PROBLEM DESCRIPTION
A word-for-word copy of the entries, with images excluded, is the expected answer.

SOURCE INFORMATION
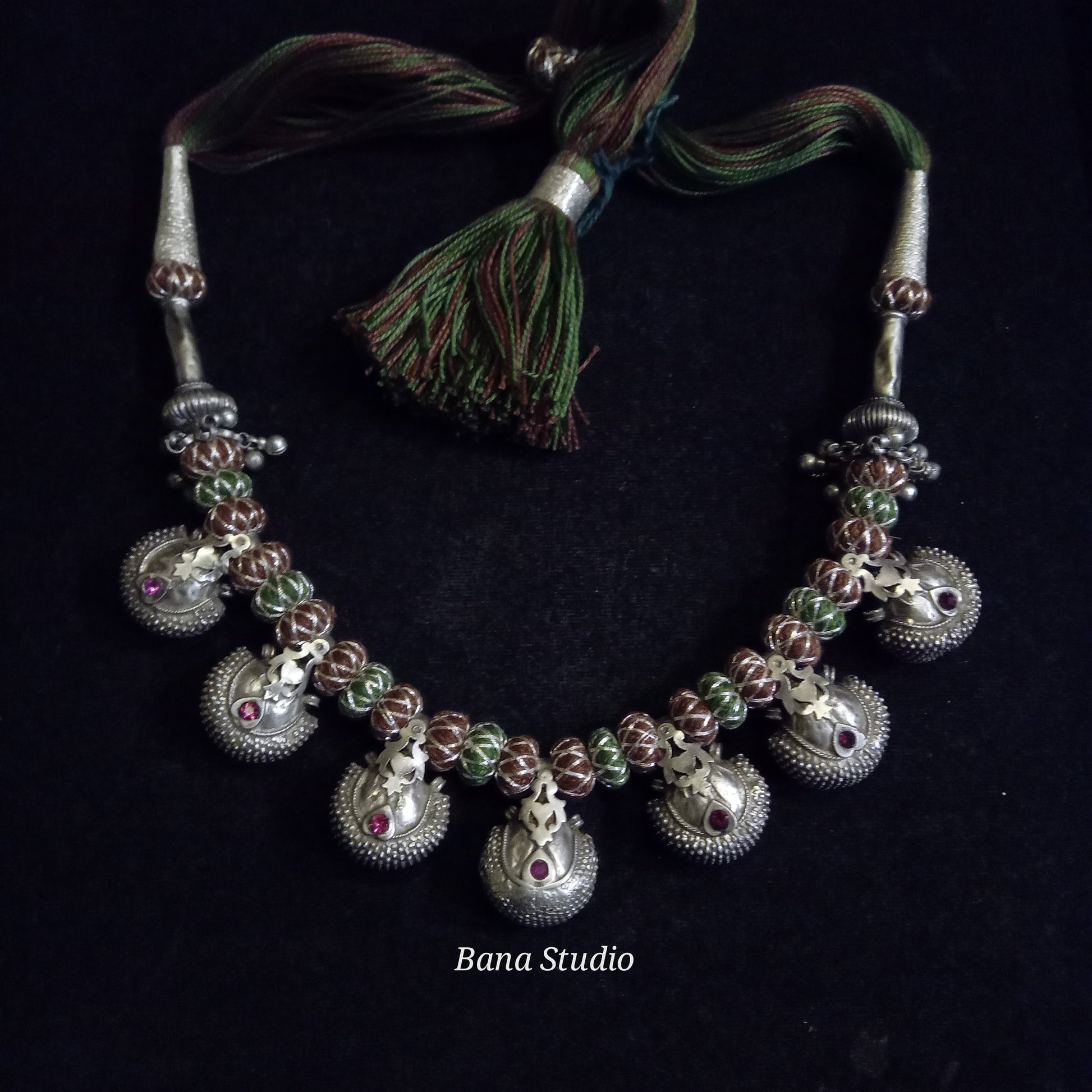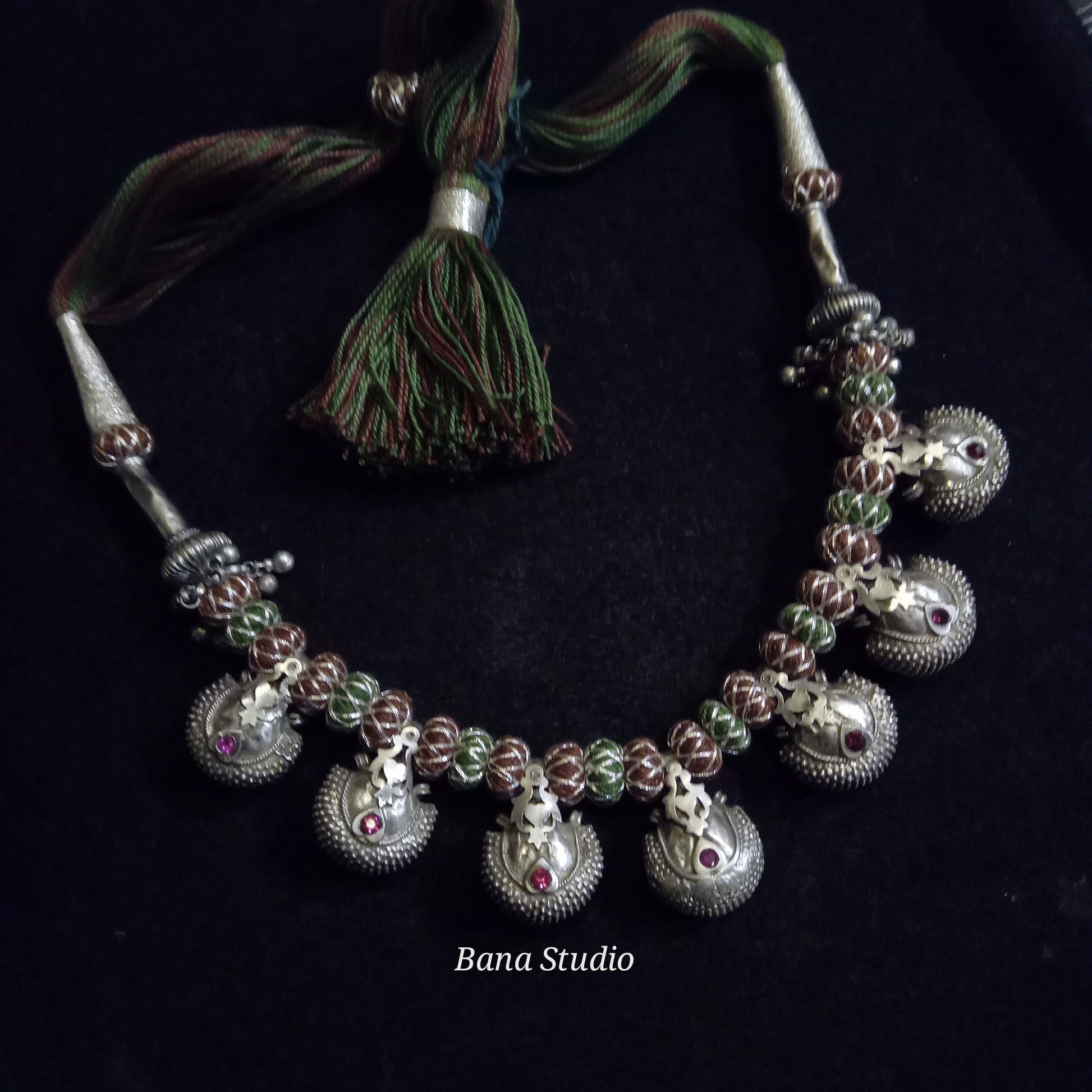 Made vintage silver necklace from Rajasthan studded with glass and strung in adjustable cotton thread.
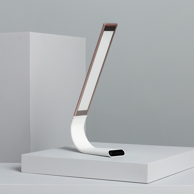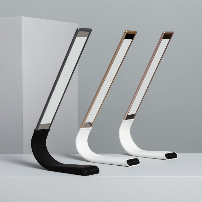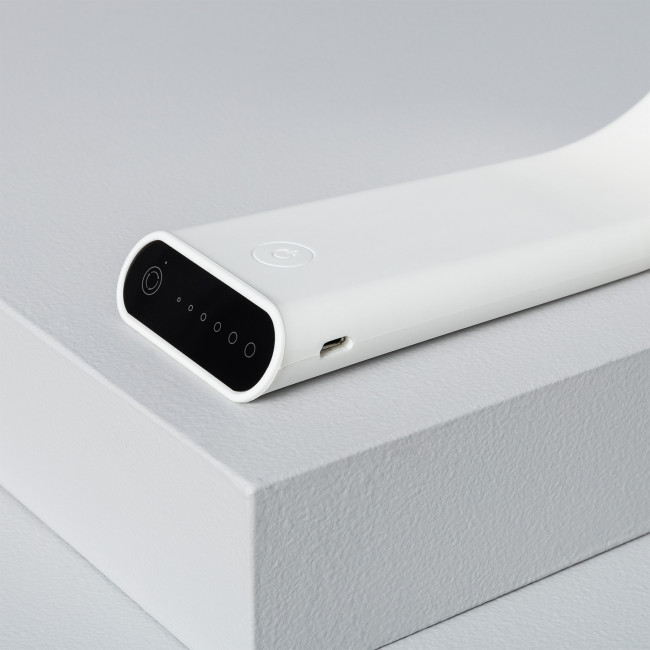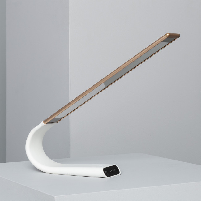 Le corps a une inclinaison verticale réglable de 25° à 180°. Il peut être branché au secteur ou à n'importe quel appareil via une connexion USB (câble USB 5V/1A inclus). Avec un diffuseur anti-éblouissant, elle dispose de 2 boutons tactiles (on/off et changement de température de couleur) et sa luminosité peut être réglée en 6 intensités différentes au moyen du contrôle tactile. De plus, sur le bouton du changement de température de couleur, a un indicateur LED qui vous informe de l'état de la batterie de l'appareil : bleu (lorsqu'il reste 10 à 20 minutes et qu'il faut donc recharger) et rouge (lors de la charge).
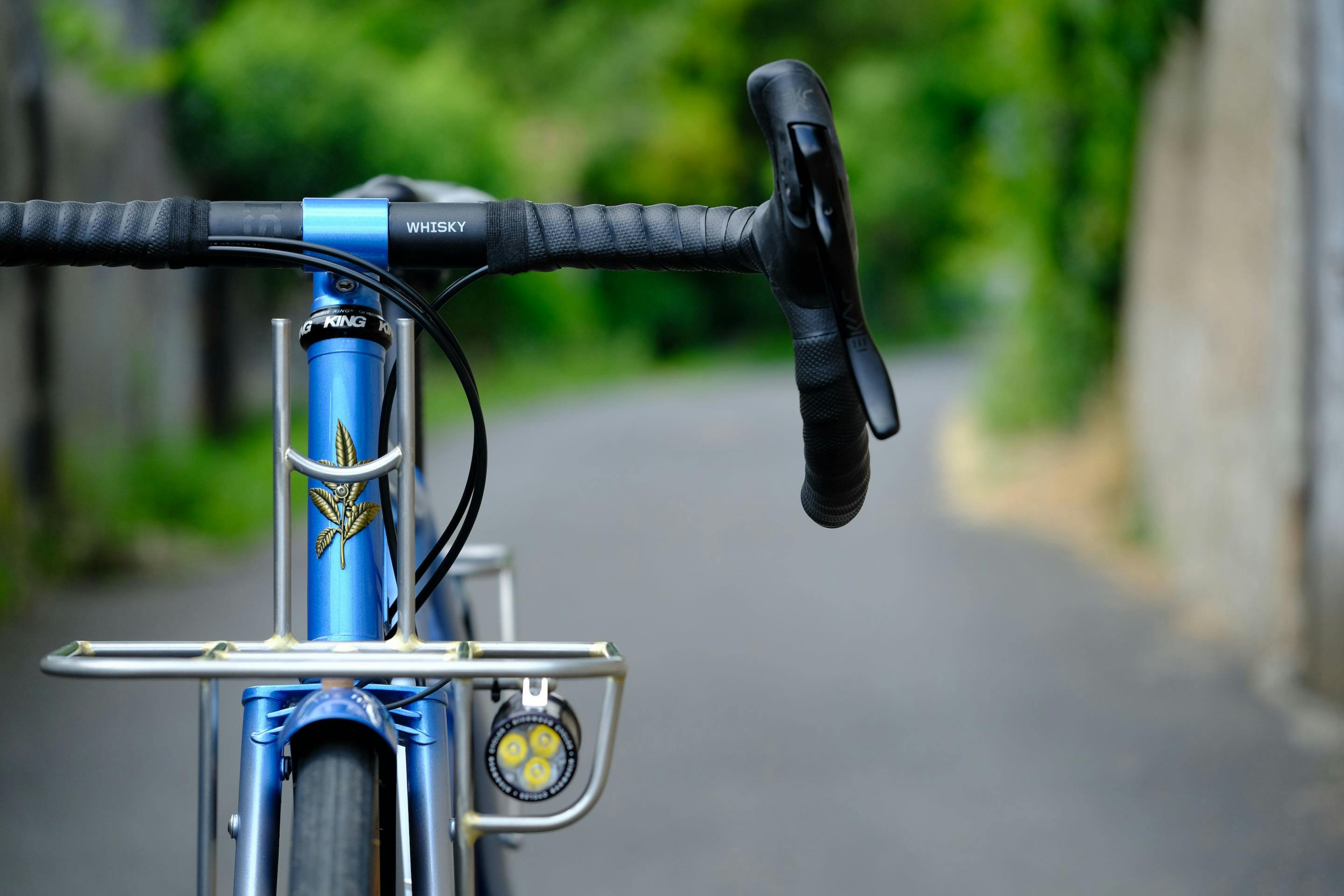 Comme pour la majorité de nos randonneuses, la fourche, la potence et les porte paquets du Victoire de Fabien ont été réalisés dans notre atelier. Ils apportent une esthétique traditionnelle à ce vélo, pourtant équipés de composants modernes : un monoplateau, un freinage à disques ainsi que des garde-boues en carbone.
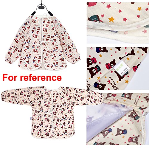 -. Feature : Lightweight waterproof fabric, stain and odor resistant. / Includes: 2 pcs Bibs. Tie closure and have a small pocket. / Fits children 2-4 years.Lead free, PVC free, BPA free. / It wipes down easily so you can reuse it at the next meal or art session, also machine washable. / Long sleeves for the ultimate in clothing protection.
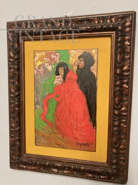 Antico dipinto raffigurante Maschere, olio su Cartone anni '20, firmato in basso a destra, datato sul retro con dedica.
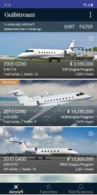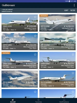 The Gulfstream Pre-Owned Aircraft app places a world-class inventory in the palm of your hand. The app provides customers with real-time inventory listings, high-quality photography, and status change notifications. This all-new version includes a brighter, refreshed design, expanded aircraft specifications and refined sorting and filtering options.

ANSWER TO THE EXERCISE
 Made vintage silver necklace from Rajasthan studded with glass and strung in adjustable cotton thread.
 Le corps a une inclinaison verticale réglable de 25° à 180°. Il peut être branché au secteur ou à n'importe quel appareil via une connexion USB (câble USB 5V/1A inclus). Avec un diffuseur anti-éblouissant, elle dispose de 2 boutons tactiles (on/off et changement de température de couleur) et sa luminosité peut être réglée en 6 intensités différentes au moyen du contrôle tactile. De plus, sur le bouton du changement de température de couleur, a un indicateur LED qui vous informe de l'état de la batterie de l'appareil : bleu (lorsqu'il reste 10 à 20 minutes et qu'il faut donc recharger) et rouge (lors de la charge).
 Comme pour la majorité de nos randonneuses, la fourche, la potence et les porte paquets du Victoire de Fabien ont été réalisés dans notre atelier. Ils apportent une esthétique traditionnelle à ce vélo, pourtant équipés de composants modernes : un monoplateau, un freinage à disques ainsi que des garde-boues en carbone.
 -. Feature : Lightweight waterproof fabric, stain and odor resistant. / Includes: 2 pcs Bibs. Tie closure and have a small pocket. / Fits children 2-4 years.Lead free, PVC free, BPA free. / It wipes down easily so you can reuse it at the next meal or art session, also machine washable. / Long sleeves for the ultimate in clothing protection.
 Antico dipinto raffigurante Maschere, olio su Cartone anni '20, firmato in basso a destra, datato sul retro con dedica.
 The Gulfstream Pre-Owned Aircraft app places a world-class inventory in the palm of your hand. The app provides customers with real-time inventory listings, high-quality photography, and status change notifications. This all-new version includes a brighter, refreshed design, expanded aircraft specifications and refined sorting and filtering options.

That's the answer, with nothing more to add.